Entering edit mode
2.2 years ago
Marco Pannone
▴
810
Hey everybody
I am trying to find the explanation for a dilemma I came across during some RNA-seq data analysis.
I noticed that switching between -t exon
and -t gene
in featureCounts highly affects the output read counts for certain genes.
For example, some housekeeping genes gave the expected high read counts across all samples when using -t exon
, while when using -t gene
read counts went either to 0 or to very low values close to 0.
I can't fully understand why so, since I expect that -t gene
should also include exons in the annotation procedure.
I appreciate any comments in this regard.
Thanks!
I don't think any answer or comment here can substitute for you looking through the annotation file. Chances are that your assumption (genes include exons), while true in biological sense, doesn't hold true in your file. Don't know the reason, but that almost has to be the explanation. I suggest you look through the annotation file, and specifically search for the genes where you observed discrepancy. I suspect their
gene
definitions/boundaries to be defined incorrectly.Thanks for your reply. I have downloaded and tried two different .gtf files, one from Ensembl and one from Gencode, ending up having the same results mentioned in my post. I am definitely going to look through the annotation file, but it sounds a bit strange that both the annotation files (and from highly reliable sources) might have discrepancies.
When you have eliminated the impossible, whatever remains, however improbable, must be the truth.

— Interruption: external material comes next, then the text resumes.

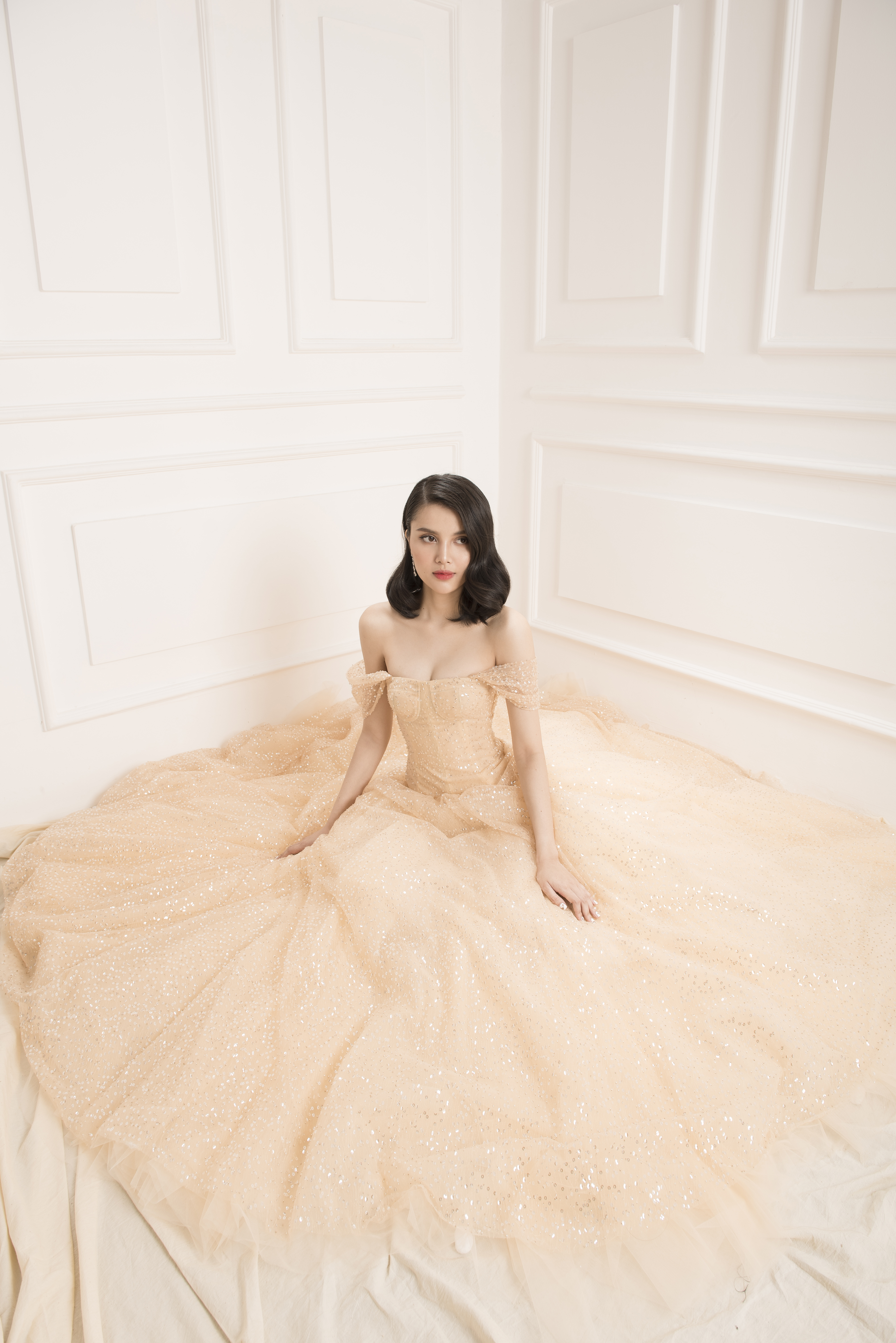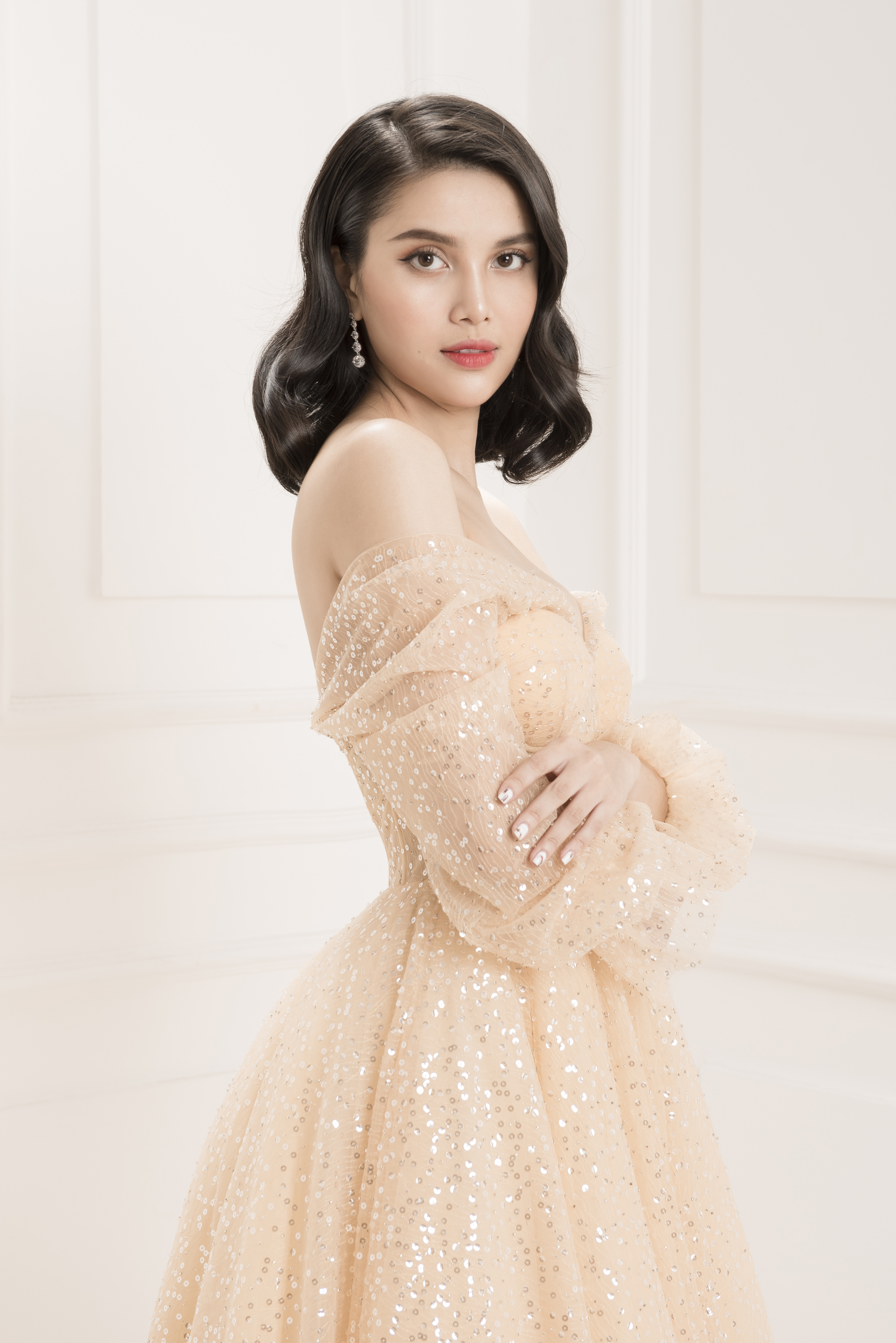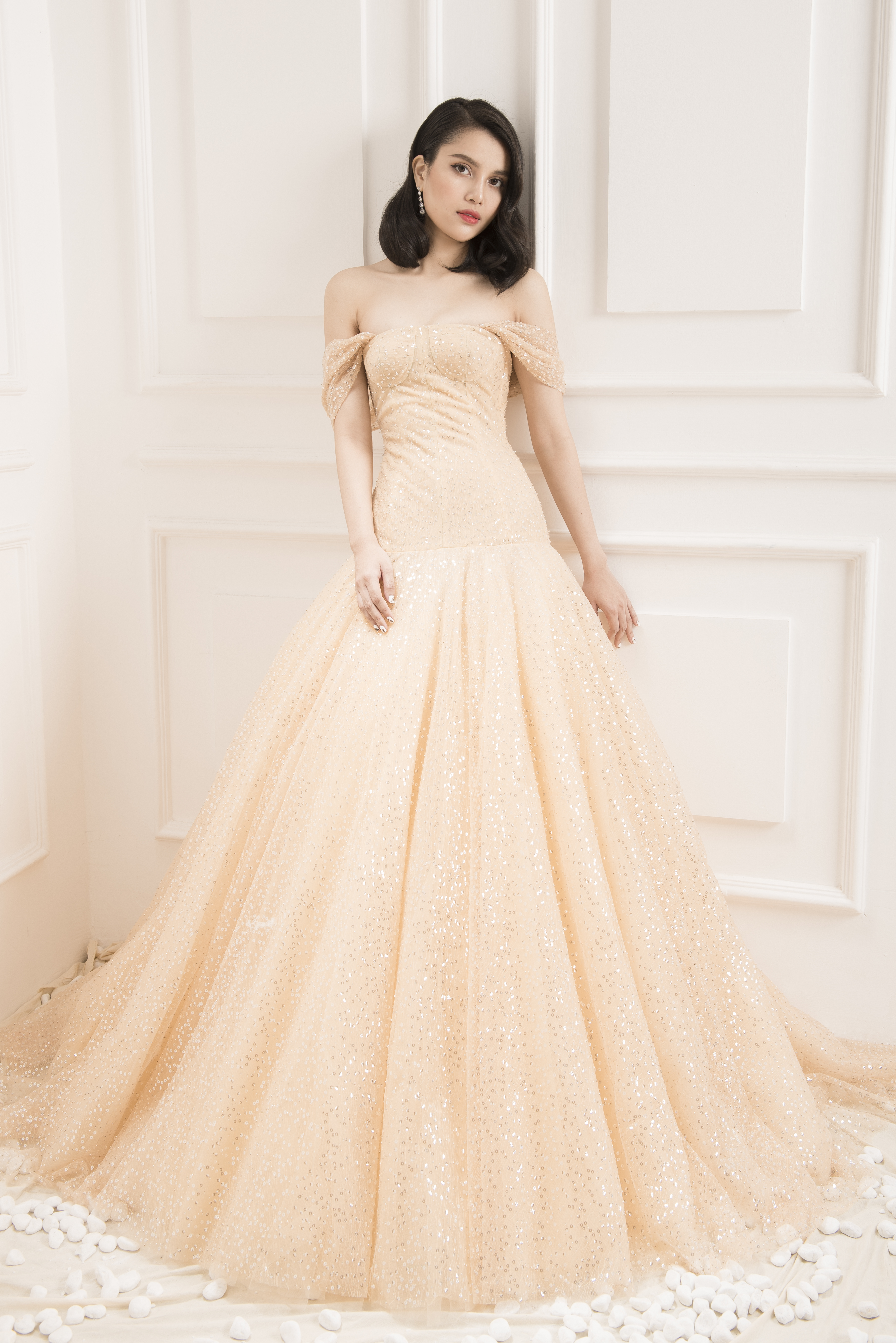 Những thiết kế dáng quây với phần vai trễ khoe trọn bờ vai trần gợi cảm cùng làn da trắng ngần của nàng á hậu hay những đường xẻ ngực tinh tế, ý nhị cùng dáng váy đuôi cá tôn lên vẻ đẹp hình thể cùng đôi chân dài thẳng tắp.

You probably know the quote, or can find its origin easily. The problem must be with the operator, the program, or the files it uses. Since between the two runs the operator hasn't changed, and
featureCounts
is a mature and well-tested program, it would appear the culprit is in the annotation file. I suspect that some genes will have only exons defined, but not a complete gene boundary.I really like the quote! Just googled it, I did not know about it, but from now on I will definitely remember it.
You are right, I will look into the annotation files and find the reason for my concern. Thanks again for the time spent on my question, highly appreciated.